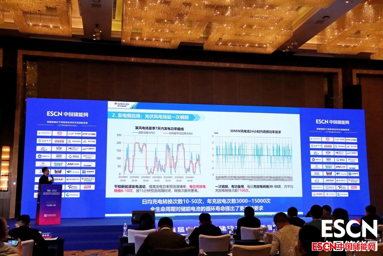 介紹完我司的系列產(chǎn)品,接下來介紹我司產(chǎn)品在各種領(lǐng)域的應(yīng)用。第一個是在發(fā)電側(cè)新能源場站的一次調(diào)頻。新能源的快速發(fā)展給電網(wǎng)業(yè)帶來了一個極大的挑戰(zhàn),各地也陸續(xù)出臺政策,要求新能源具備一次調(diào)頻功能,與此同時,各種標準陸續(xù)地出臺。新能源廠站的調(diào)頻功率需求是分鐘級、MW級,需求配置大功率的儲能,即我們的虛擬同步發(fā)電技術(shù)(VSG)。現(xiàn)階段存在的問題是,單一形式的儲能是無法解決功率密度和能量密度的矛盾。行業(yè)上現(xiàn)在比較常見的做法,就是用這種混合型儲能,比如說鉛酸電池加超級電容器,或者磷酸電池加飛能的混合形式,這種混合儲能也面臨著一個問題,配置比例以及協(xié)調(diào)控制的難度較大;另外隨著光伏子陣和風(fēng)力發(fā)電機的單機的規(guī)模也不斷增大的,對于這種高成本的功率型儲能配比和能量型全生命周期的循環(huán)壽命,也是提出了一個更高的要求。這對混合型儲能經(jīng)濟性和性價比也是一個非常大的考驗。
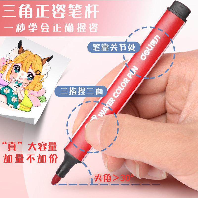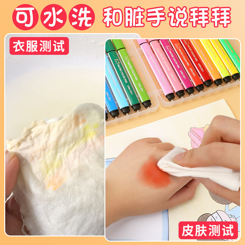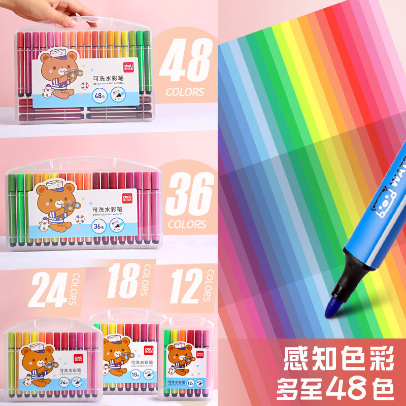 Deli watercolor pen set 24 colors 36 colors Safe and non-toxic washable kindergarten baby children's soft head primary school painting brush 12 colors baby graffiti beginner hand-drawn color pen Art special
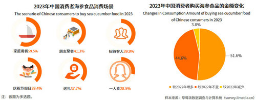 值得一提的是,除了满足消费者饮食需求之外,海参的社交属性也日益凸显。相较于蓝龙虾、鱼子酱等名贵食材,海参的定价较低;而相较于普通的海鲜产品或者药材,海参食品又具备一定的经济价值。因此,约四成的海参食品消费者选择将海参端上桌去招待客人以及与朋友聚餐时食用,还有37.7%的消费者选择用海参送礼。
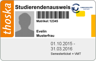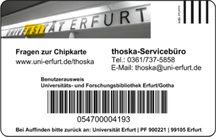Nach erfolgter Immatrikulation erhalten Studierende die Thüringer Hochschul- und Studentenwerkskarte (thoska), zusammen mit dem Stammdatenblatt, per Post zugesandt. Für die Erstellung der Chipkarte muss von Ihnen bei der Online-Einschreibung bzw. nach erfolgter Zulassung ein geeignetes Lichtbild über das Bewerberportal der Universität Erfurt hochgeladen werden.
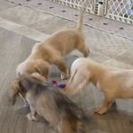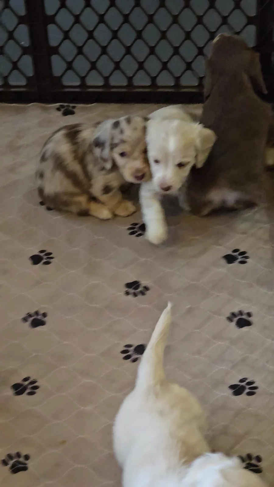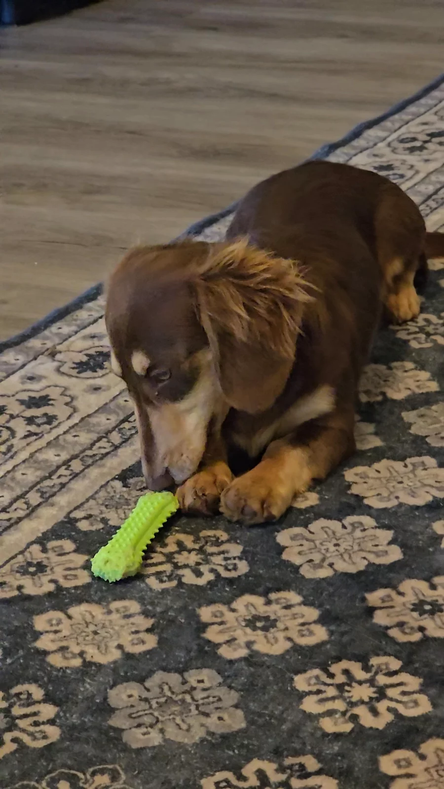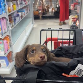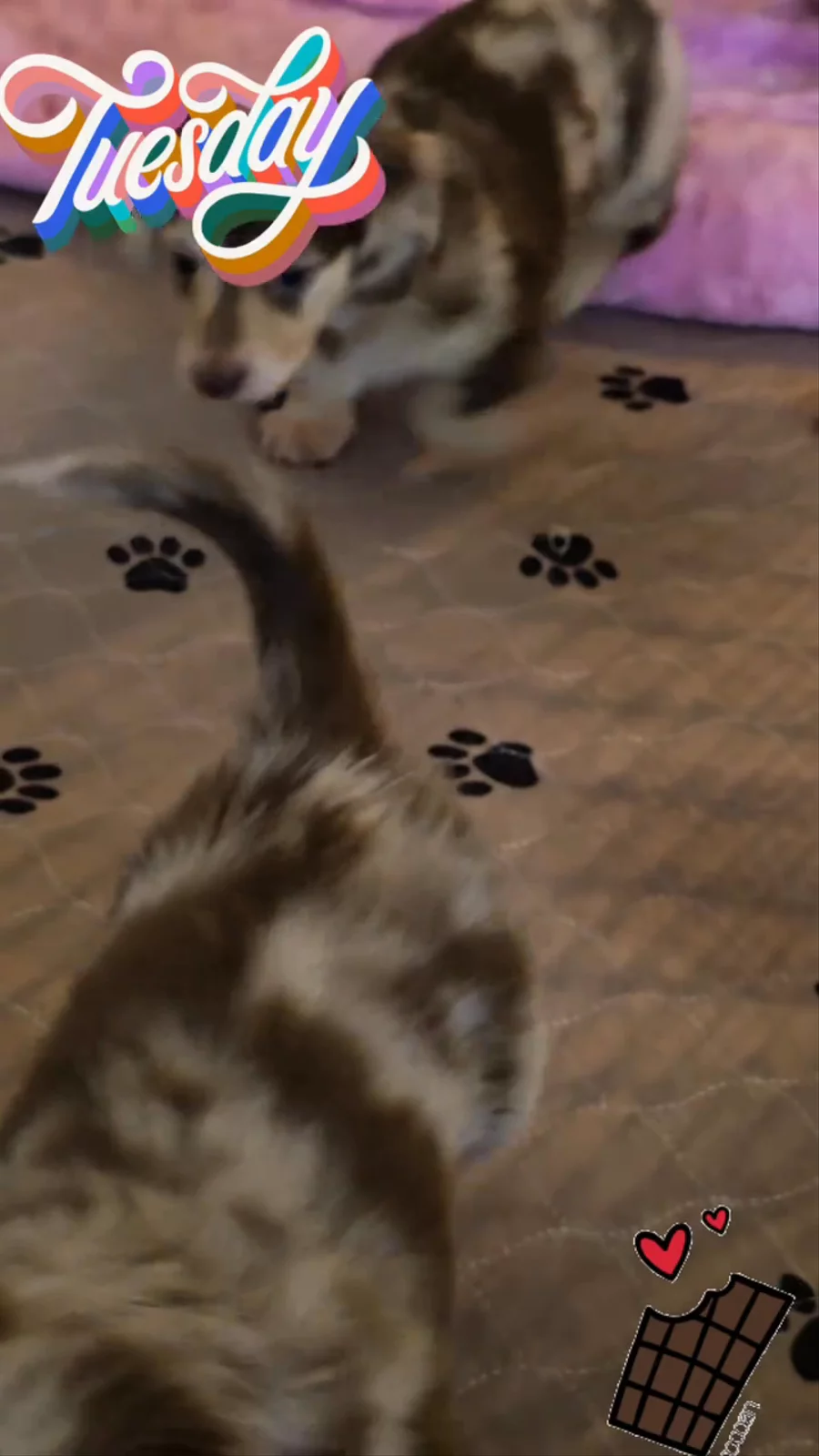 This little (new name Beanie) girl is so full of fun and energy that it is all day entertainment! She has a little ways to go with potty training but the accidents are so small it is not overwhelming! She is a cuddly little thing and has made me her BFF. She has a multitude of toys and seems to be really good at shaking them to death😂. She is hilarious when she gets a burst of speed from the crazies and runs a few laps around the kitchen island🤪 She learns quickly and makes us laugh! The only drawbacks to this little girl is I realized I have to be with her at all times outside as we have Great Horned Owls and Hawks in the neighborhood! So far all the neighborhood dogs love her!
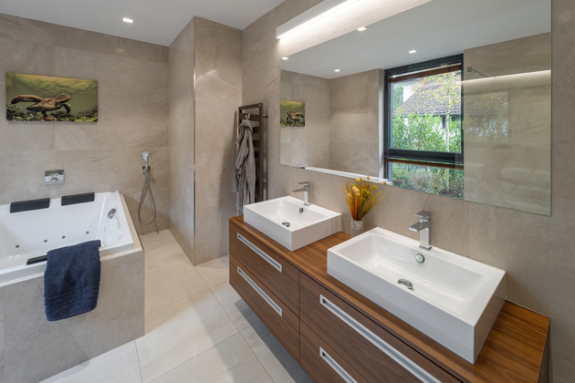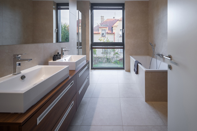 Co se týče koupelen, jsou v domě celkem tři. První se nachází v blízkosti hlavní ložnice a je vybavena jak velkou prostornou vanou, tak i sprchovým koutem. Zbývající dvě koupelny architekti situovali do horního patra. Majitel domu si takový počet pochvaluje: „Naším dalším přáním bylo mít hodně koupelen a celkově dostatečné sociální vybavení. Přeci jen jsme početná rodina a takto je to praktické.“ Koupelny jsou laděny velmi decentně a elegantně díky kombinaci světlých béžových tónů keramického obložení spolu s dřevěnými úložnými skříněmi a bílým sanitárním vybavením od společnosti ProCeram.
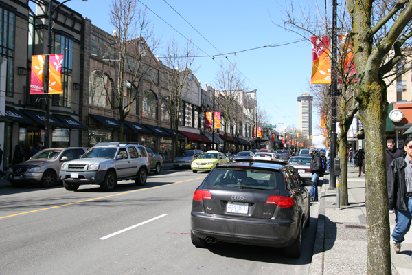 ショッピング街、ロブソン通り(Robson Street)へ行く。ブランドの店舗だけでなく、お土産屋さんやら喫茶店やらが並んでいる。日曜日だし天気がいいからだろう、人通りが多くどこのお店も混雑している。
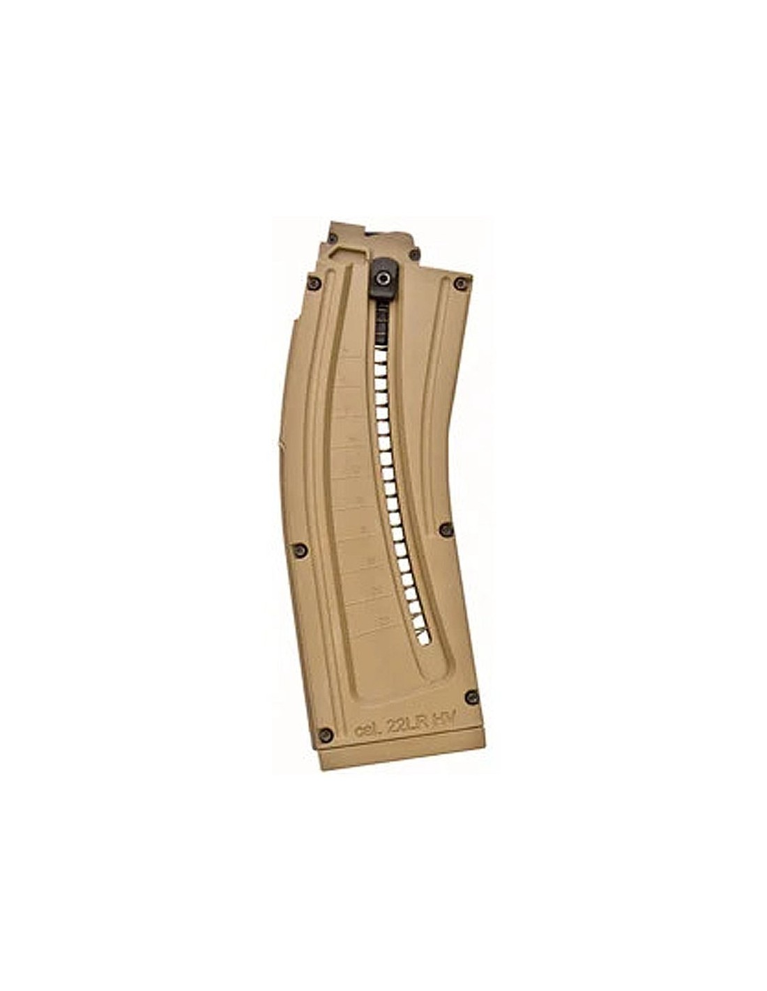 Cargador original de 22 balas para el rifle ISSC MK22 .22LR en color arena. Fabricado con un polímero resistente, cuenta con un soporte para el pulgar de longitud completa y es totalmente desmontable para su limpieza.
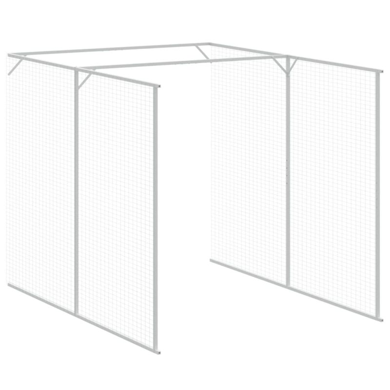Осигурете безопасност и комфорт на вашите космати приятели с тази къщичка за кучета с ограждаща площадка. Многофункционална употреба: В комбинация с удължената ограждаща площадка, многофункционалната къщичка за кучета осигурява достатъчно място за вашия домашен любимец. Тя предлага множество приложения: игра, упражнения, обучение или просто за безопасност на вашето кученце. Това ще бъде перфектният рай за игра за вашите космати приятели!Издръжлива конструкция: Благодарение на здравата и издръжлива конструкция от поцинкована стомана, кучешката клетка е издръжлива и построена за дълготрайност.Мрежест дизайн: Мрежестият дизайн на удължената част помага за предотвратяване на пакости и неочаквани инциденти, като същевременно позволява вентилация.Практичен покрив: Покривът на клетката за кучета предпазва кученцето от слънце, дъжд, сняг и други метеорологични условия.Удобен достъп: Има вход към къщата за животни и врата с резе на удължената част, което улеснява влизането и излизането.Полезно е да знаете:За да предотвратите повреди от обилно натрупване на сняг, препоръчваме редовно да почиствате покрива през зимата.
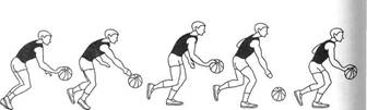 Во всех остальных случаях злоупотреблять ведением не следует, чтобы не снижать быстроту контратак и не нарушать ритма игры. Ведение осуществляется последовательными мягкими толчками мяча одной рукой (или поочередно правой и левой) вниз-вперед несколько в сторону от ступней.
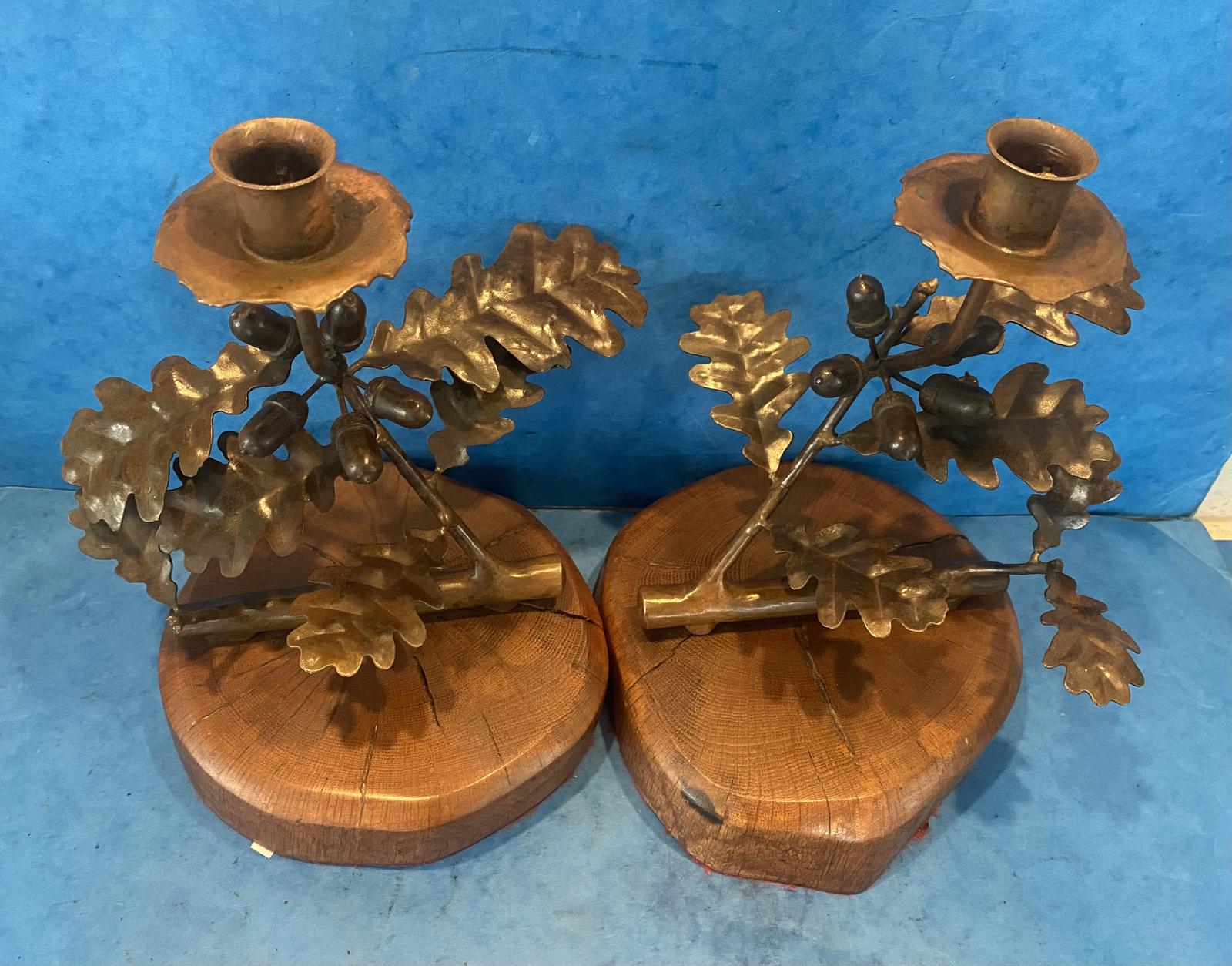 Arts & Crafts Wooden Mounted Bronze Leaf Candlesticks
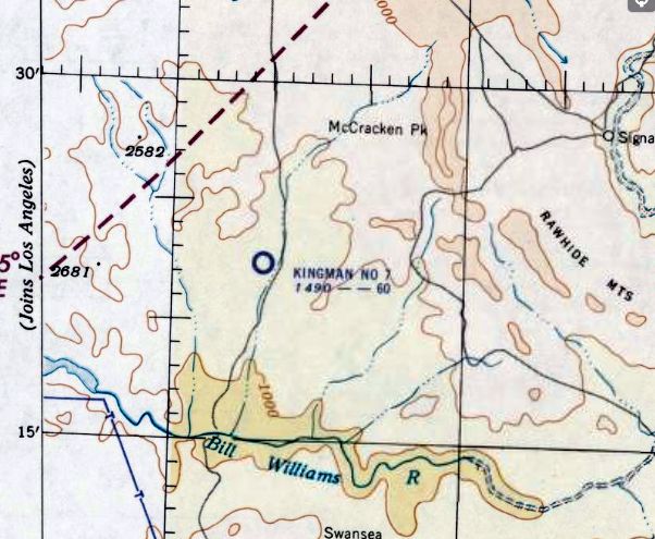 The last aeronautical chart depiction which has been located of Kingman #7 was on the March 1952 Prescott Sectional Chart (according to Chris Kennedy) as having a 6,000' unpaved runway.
──────────────────────────────
HOW TO COMPLETE THIS TASK: Could you output every entry exactly as written, skipping the pictures?

RESULT OF THIS EXERCISE:
 介紹完我司的系列產(chǎn)品,接下來介紹我司產(chǎn)品在各種領(lǐng)域的應(yīng)用。第一個是在發(fā)電側(cè)新能源場站的一次調(diào)頻。新能源的快速發(fā)展給電網(wǎng)業(yè)帶來了一個極大的挑戰(zhàn),各地也陸續(xù)出臺政策,要求新能源具備一次調(diào)頻功能,與此同時,各種標準陸續(xù)地出臺。新能源廠站的調(diào)頻功率需求是分鐘級、MW級,需求配置大功率的儲能,即我們的虛擬同步發(fā)電技術(shù)(VSG)。現(xiàn)階段存在的問題是,單一形式的儲能是無法解決功率密度和能量密度的矛盾。行業(yè)上現(xiàn)在比較常見的做法,就是用這種混合型儲能,比如說鉛酸電池加超級電容器,或者磷酸電池加飛能的混合形式,這種混合儲能也面臨著一個問題,配置比例以及協(xié)調(diào)控制的難度較大;另外隨著光伏子陣和風(fēng)力發(fā)電機的單機的規(guī)模也不斷增大的,對于這種高成本的功率型儲能配比和能量型全生命周期的循環(huán)壽命,也是提出了一個更高的要求。這對混合型儲能經(jīng)濟性和性價比也是一個非常大的考驗。
 Deli watercolor pen set 24 colors 36 colors Safe and non-toxic washable kindergarten baby children's soft head primary school painting brush 12 colors baby graffiti beginner hand-drawn color pen Art special
 值得一提的是,除了满足消费者饮食需求之外,海参的社交属性也日益凸显。相较于蓝龙虾、鱼子酱等名贵食材,海参的定价较低;而相较于普通的海鲜产品或者药材,海参食品又具备一定的经济价值。因此,约四成的海参食品消费者选择将海参端上桌去招待客人以及与朋友聚餐时食用,还有37.7%的消费者选择用海参送礼。
Nach erfolgter Immatrikulation erhalten Studierende die Thüringer Hochschul- und Studentenwerkskarte (thoska), zusammen mit dem Stammdatenblatt, per Post zugesandt. Für die Erstellung der Chipkarte muss von Ihnen bei der Online-Einschreibung bzw. nach erfolgter Zulassung ein geeignetes Lichtbild über das Bewerberportal der Universität Erfurt hochgeladen werden.
 This little (new name Beanie) girl is so full of fun and energy that it is all day entertainment! She has a little ways to go with potty training but the accidents are so small it is not overwhelming! She is a cuddly little thing and has made me her BFF. She has a multitude of toys and seems to be really good at shaking them to death😂. She is hilarious when she gets a burst of speed from the crazies and runs a few laps around the kitchen island🤪 She learns quickly and makes us laugh! The only drawbacks to this little girl is I realized I have to be with her at all times outside as we have Great Horned Owls and Hawks in the neighborhood! So far all the neighborhood dogs love her!
 Co se týče koupelen, jsou v domě celkem tři. První se nachází v blízkosti hlavní ložnice a je vybavena jak velkou prostornou vanou, tak i sprchovým koutem. Zbývající dvě koupelny architekti situovali do horního patra. Majitel domu si takový počet pochvaluje: „Naším dalším přáním bylo mít hodně koupelen a celkově dostatečné sociální vybavení. Přeci jen jsme početná rodina a takto je to praktické.“ Koupelny jsou laděny velmi decentně a elegantně díky kombinaci světlých béžových tónů keramického obložení spolu s dřevěnými úložnými skříněmi a bílým sanitárním vybavením od společnosti ProCeram.
 ショッピング街、ロブソン通り(Robson Street)へ行く。ブランドの店舗だけでなく、お土産屋さんやら喫茶店やらが並んでいる。日曜日だし天気がいいからだろう、人通りが多くどこのお店も混雑している。
 Cargador original de 22 balas para el rifle ISSC MK22 .22LR en color arena. Fabricado con un polímero resistente, cuenta con un soporte para el pulgar de longitud completa y es totalmente desmontable para su limpieza.
Осигурете безопасност и комфорт на вашите космати приятели с тази къщичка за кучета с ограждаща площадка. Многофункционална употреба: В комбинация с удължената ограждаща площадка, многофункционалната къщичка за кучета осигурява достатъчно място за вашия домашен любимец. Тя предлага множество приложения: игра, упражнения, обучение или просто за безопасност на вашето кученце. Това ще бъде перфектният рай за игра за вашите космати приятели!Издръжлива конструкция: Благодарение на здравата и издръжлива конструкция от поцинкована стомана, кучешката клетка е издръжлива и построена за дълготрайност.Мрежест дизайн: Мрежестият дизайн на удължената част помага за предотвратяване на пакости и неочаквани инциденти, като същевременно позволява вентилация.Практичен покрив: Покривът на клетката за кучета предпазва кученцето от слънце, дъжд, сняг и други метеорологични условия.Удобен достъп: Има вход към къщата за животни и врата с резе на удължената част, което улеснява влизането и излизането.Полезно е да знаете:За да предотвратите повреди от обилно натрупване на сняг, препоръчваме редовно да почиствате покрива през зимата.
 Во всех остальных случаях злоупотреблять ведением не следует, чтобы не снижать быстроту контратак и не нарушать ритма игры. Ведение осуществляется последовательными мягкими толчками мяча одной рукой (или поочередно правой и левой) вниз-вперед несколько в сторону от ступней.
 Arts & Crafts Wooden Mounted Bronze Leaf Candlesticks
 The last aeronautical chart depiction which has been located of Kingman #7 was on the March 1952 Prescott Sectional Chart (according to Chris Kennedy) as having a 6,000' unpaved runway.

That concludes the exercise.